START EXERCISE DATA

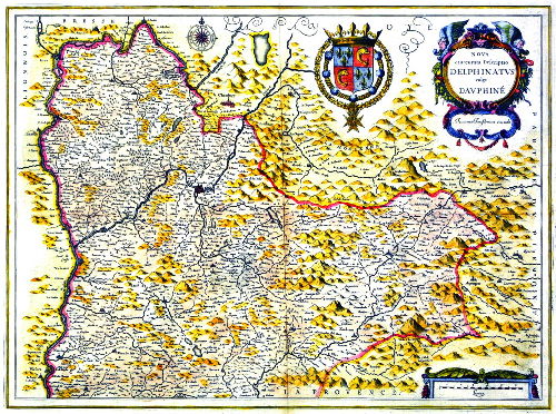 Titolo in alto a destra entro cartiglio decorato, accanto al quale compare lo stemma del Delfinato. |
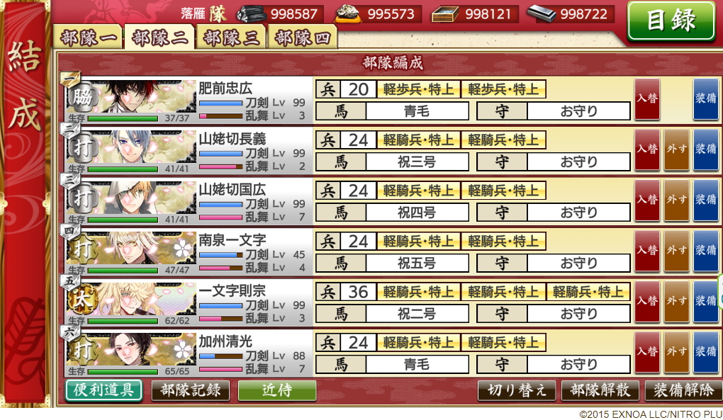 弱い子でもいけるので、最初の部隊編成を肥前、長義、山姥切国広、南泉、陸奥、亀甲。
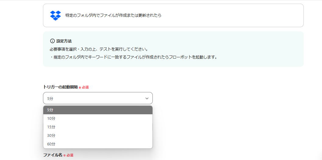 トリガーの起動間隔は、用途に合わせてプルダウンより設定してください。
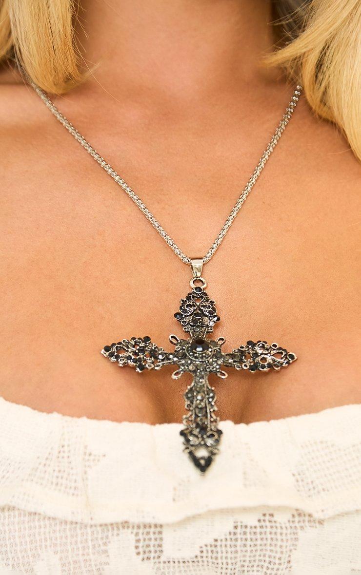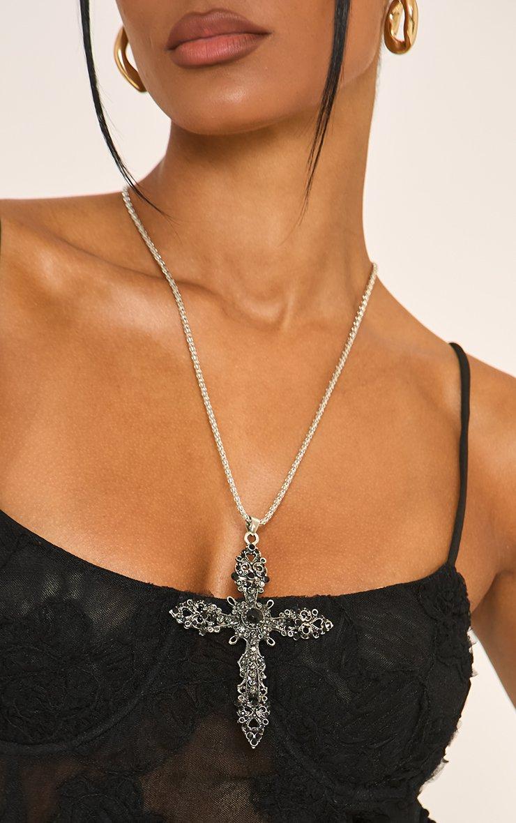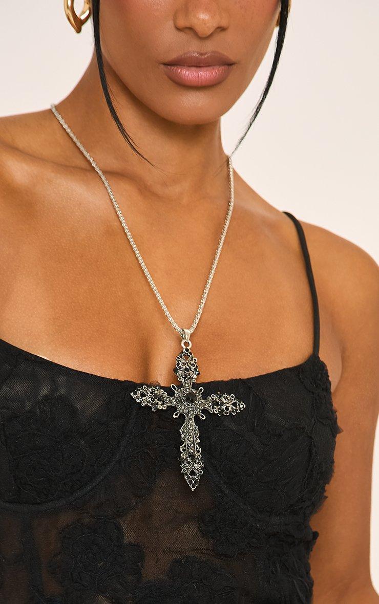 Crucifix Detail Pendant Necklace In Black
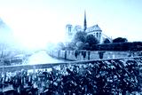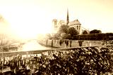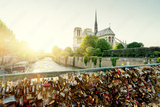 View of Notre Dame cathedral in Paris with famous locks of love
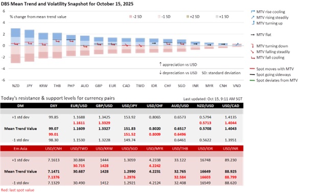 Second, our call for the US Federal Reserve to shift from data-dependency to risk management mode is materialising. Speaking at the NABE Annual Meeting overnight, Fed Chair Jerome Powell said he would look past the recent rise in inflation and keep reducing interest rates. Powell noted that the downside risks to the labour market have increased, not helped by the data lapses from the US government shutdown. Against this background, Powell observed that liquidity conditions were gradually tightening, which may warrant the Fed to stop shrinking the balance sheet in the months ahead. Powell’s comments have relegated the significance of the US CPI data release on October 24. The futures market has fully priced 25-bps cuts at this year’s two final FOMC meetings and reinstated three additional cuts in 2026.
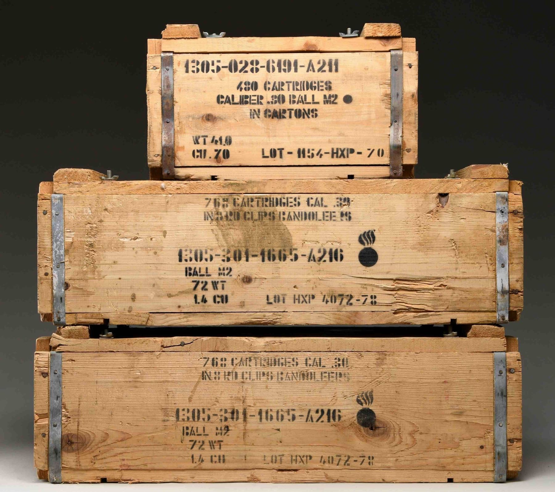 AMMUNITION. Ammunition produced in Greece & packed in three wooden crates. Crate markings include "HXP" indicating Greek manufacture. Crate labeling indicates ammunition purchased through CMP. Two crates each contain 768 rds. loaded on stripper clips w/ bandoliers. One crate contains 480 rds. in cartons. All ammunition is in sealed green "spam cans". Brass cased. Boxer primed. 150 grain full metal jacket bullets. Bullets are 150 grain full metal jacket. CONDITION: boxes are in good condition w/ legible markings & have the usual handling wear, chipping & staining. (02-24270-14/RW). AMMO. $900-1,200.
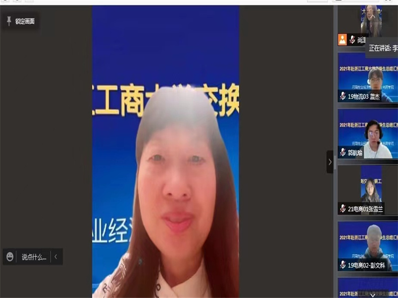 2022年1月7日晚上,365英国上市公司以线上形式举办赴浙江工商大学交换生总结汇报会。党委书记于晓胜教授、经理曹献存教授、党委副书记陈永刚、教学办主任任佳佳,团委副书记王雪冰、辅导员尚津、夏静、张排杰,以及赴浙江工商大学交换学习的8名员工和2021级部分员工代表参加了此次会议。会议由副经理李艳菊教授主持。
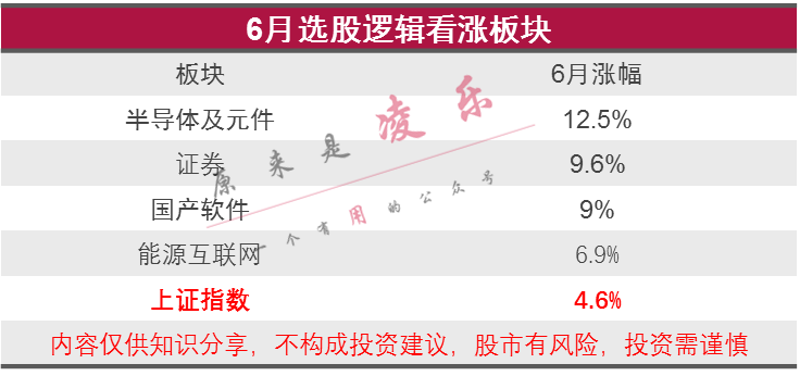 回顾上个月的选股逻辑,最后主要看涨了半导体、证券、国产软件和能源互联网四个板块,涨幅均大于上证指数,特别是半导体和证券板块,持仓的朋友们都知道,涨幅是远远大于市场,知识星球中好多朋友单月收益超过20%,持有涨停板更是日常之事。
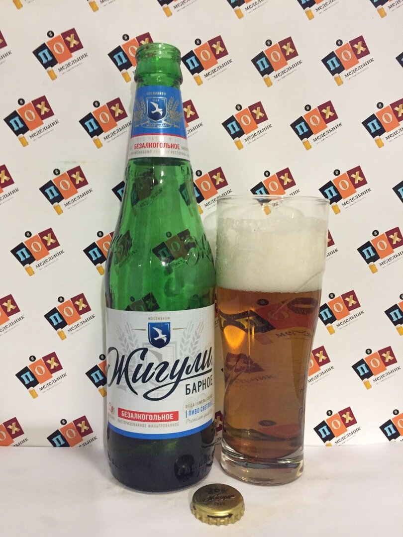 Статистика: пиво светлое пастеризованное фильтрованное, алкоголь не более 0,5% об., состав: вода питьевая, солод пивоваренный ячменный, хмелепродукты. Объём - 0,45 л. Изготовитель: Закрытое акционерное общество «Московская Пивоваренная Компания», Россия, Московская область, г. Мытищи По-братски: МПК решили снова выпускать «Жигули Барное Безалкогольное» в стекле, да ещё и с обновлённым дизайном. Это конечно же проще, чем придумать что-то новое. Если изменился дизайн, изменилось ли содержимое? Нет, содержимое осталось на высоте. Правда мне показалось, что оно стало иметь более весомую горчинку, и из-за этого отличается по вкусу от алкогольного варианта. Вообще по вкусу не сразу поймёшь, что оно безалкогольное. Да, конечно же к концу бутылки будет некий привкус, но это специфика данного стиля. Короче, можно брать, хуже не стало. Оценка: 6/10

END EXERCISE DATA

WHAT YOU WILL DO. Quote the lines above exactly, starting with the one that has "AMMUNITION. Ammunition produced" and ending with the one that has "回顾上个月的选股逻辑,最后主"; drop the pictures and include nothing else.

ANSWER TO THIS EXERCISE.
 AMMUNITION. Ammunition produced in Greece & packed in three wooden crates. Crate markings include "HXP" indicating Greek manufacture. Crate labeling indicates ammunition purchased through CMP. Two crates each contain 768 rds. loaded on stripper clips w/ bandoliers. One crate contains 480 rds. in cartons. All ammunition is in sealed green "spam cans". Brass cased. Boxer primed. 150 grain full metal jacket bullets. Bullets are 150 grain full metal jacket. CONDITION: boxes are in good condition w/ legible markings & have the usual handling wear, chipping & staining. (02-24270-14/RW). AMMO. $900-1,200.
 2022年1月7日晚上,365英国上市公司以线上形式举办赴浙江工商大学交换生总结汇报会。党委书记于晓胜教授、经理曹献存教授、党委副书记陈永刚、教学办主任任佳佳,团委副书记王雪冰、辅导员尚津、夏静、张排杰,以及赴浙江工商大学交换学习的8名员工和2021级部分员工代表参加了此次会议。会议由副经理李艳菊教授主持。
 回顾上个月的选股逻辑,最后主要看涨了半导体、证券、国产软件和能源互联网四个板块,涨幅均大于上证指数,特别是半导体和证券板块,持仓的朋友们都知道,涨幅是远远大于市场,知识星球中好多朋友单月收益超过20%,持有涨停板更是日常之事。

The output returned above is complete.